If you want to rent AMD Epyc bare-metal boxes in the cloud, Oracle hopes you see red

As in, Big Red: Database giant says this offering is a worldwide first


OpenWorld Oracle today insisted it is the first public cloud vendor to offer bare-metal servers powered by AMD’s Epyc processors.

We're told an Epyc-based bare-metal Standard E2 server can be rented at $0.03 per core per hour, and is available immediately. Oracle claimed this was up to 66 per cent cheaper, on average, per core than general purpose instances offered by competitors, and 53 per cent less than Oracle's other compute instances.

In a blog post on Tuesday, Oracle's principal product manager for compute and HPC, Rajan Panchapakesan, claimed it was "the lowest price offered by any non-burstable compute instance in the public cloud."

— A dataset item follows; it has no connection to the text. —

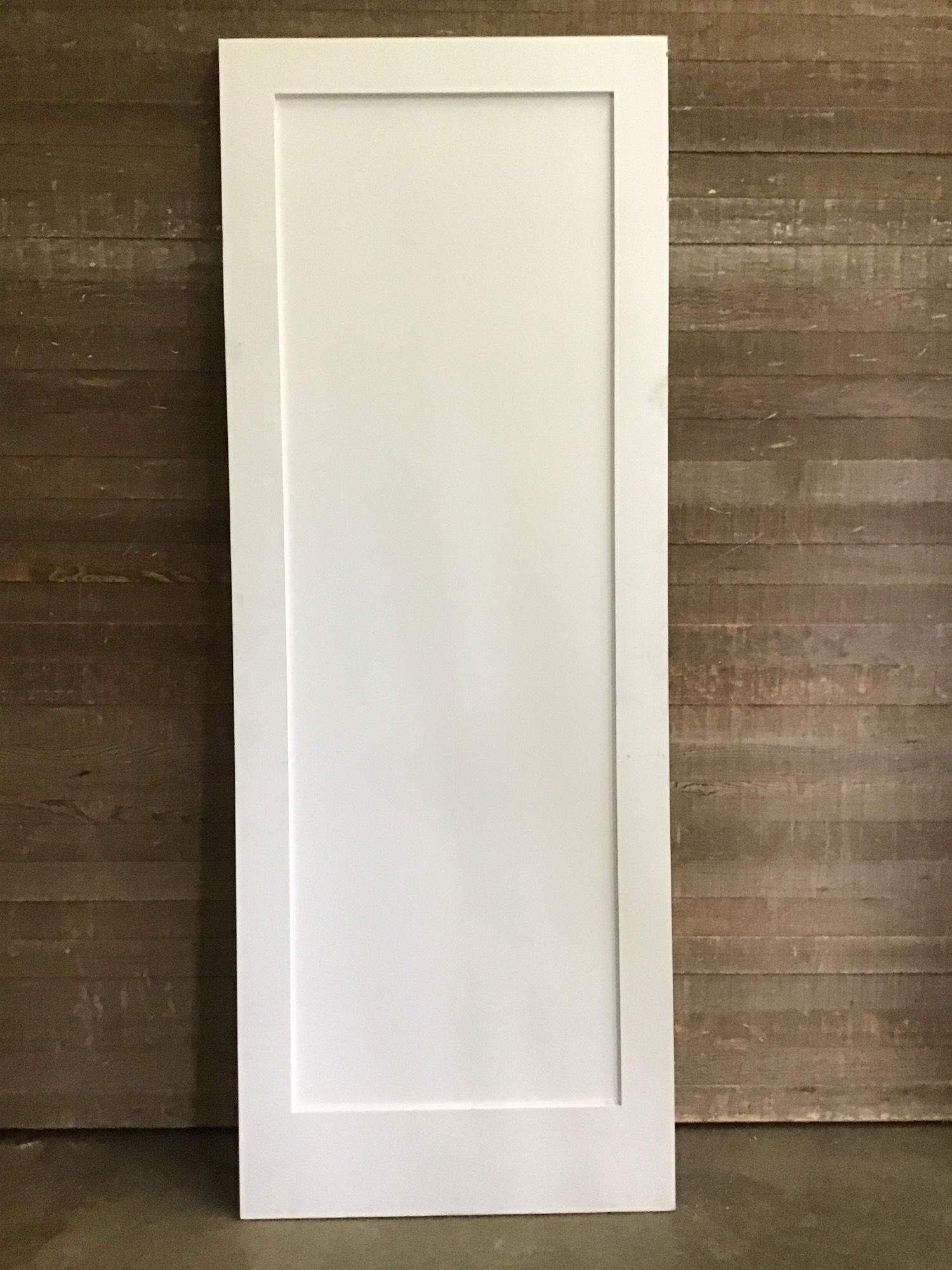 8' tall, primed MDF interior door. Never installed before but does have some marks and small scratches. Nothing that wouldn't dissapear with a paint job. We'll try to photo any major imperfections!

The move is the latest tie-in between AMD and cloud providers: the chip biz struck a deal with Microsoft for the next generation of Azure’s L-series instances in December last year, for instance.

Follow the money

Speaking at the Oracle OpenWorld conference in San Francisco today, Clay Magouyrk, senior vice president of software development for Oracle Cloud Infrastructure, said the “significantly improved price performance” would offer 2 to 2.5 times more performance per dollar than rival services. This, he told attendees, would have an “important impact on your overall bottom line.”

Forrest Norrod, senior vice president and general manager for data center and embedded solutions business group at AMD, also took to the stage to pat the pair of companies on the back for the tie-in. “It’s impressive what Oracle Cloud Infrastructure has done with Epyc, how we got that TCO advantage,” he said.

He insisted that when AMD brought Epyc to market last year, it was aimed squarely at the cloud. Previous AMD CPU offerings were developed “at a time when cloud was not the important deployment model for IT,” he said. Epyc, he claimed, provides “much better TCO for cloud instances, and bare metal instances.”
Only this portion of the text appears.